Analysts warn that Lara is Evo Morales’ “darkest creation,” crafted to follow the path of Hugo Chávez or Daniel Ortega. It is no coincidence that he doubles down on confrontation, threats, and expropriation. Evo has always sought to revive a radical communist project from Chapare, and now seems to have found in Lara his perfect messenger. So much so that some foresee Rodrigo Paz becoming the victim of a “coup” by his own vice-presidential running mate in less than 24 hours.

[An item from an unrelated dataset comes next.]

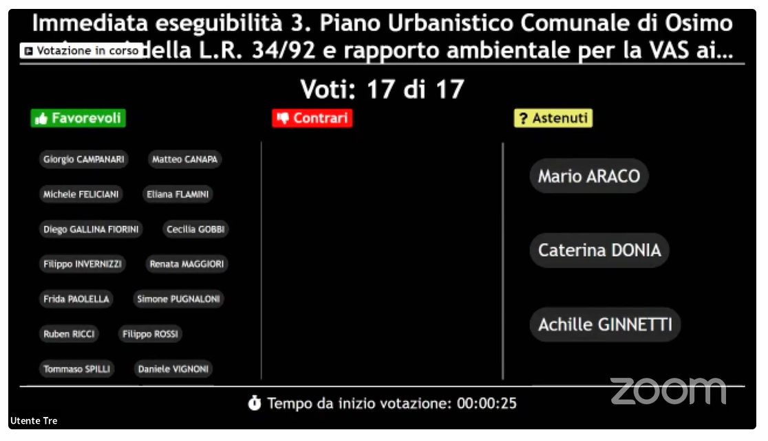 E’ approdata ieri sera in Consiglio comunale la prima adozione del Piano Urbanistico Comunale di Osimo finalizzata al riassetto urbanistico-ambientale del territorio comunale e al rapporto ambientale per la Vas. L’atto è stato approvato con 14 sì di maggioranza, hanno espresso voto di astensione i consiglieri d’opposizione Mario Araco, Caterina Donia e Achille Ginnetti, Assenti in aula i rappresentanti delle Liste civiche che hanno aderito alla protesta formalizzata con lettera dal collega Stefano Simoncini per i tempi risicati lasciati agli stessi consiglieri e ai tecnici per approfondire l’analisi dei contenuti del nuovo strumento urbanistico.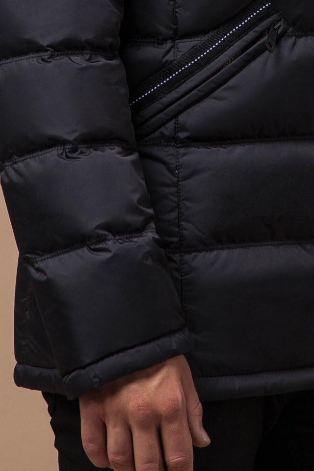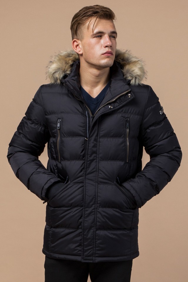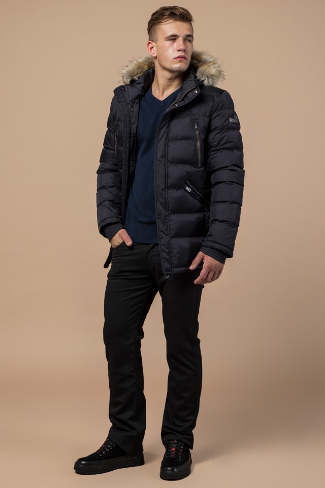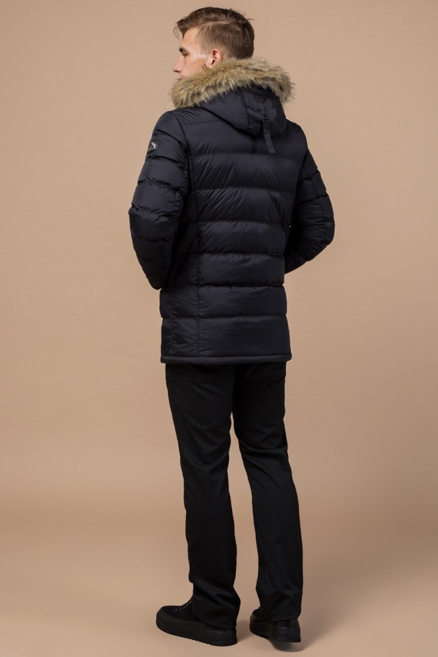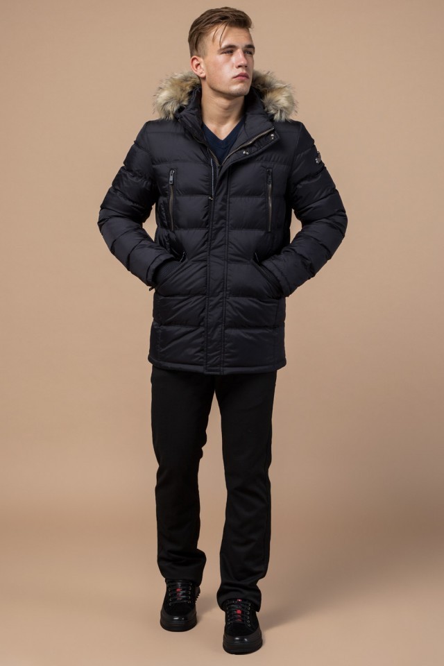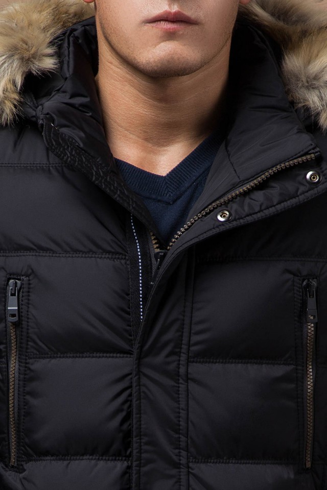 Зимняя мужская черная куртка с меховой опушкой модель 31042

Rodrigo Paz’s attitude, in this context, is even more blameworthy than his running mate’s. Because Lara never hid what he is: an emerging caudillo with authoritarian and populist impulses. But Paz did promise something different. He pledged to break away from MAS, to stand for democracy, the rule of law, and institutions. Yet his silence makes him hostage to the most dangerous strategy of all: identity populism that sets the country ablaze and wrecks the economy.

Fernando Untoja sums it up precisely: the politics of Paz and Lara are “libidinal”—nothing but empty shouting, delight in confrontation, fire without light. Nothing to propose, nothing for the future. Just the pleasure of attacking, dividing, setting fires.

The big question is whether Bolivians will once again fall into the trap of populism. Whether we will once again choose “hell over a leader who does not represent us identitarianly.” The experience with Evo and Arce should be enough to learn that identity without responsibility condemns us to the abyss.

Rodrigo Paz remains silent. But his silence is not prudence—it is consent. And in politics, as in life, silence means consent. If he does not break with Edman Lara now, if he does not clearly distance himself from a populist project that threatens to replay the worst of the past, then it will be clear that his candidacy is not an alternative to MAS, but one of its mutations. And in a country scarred by two decades of populism, that is not a slip-up—it is a betrayal.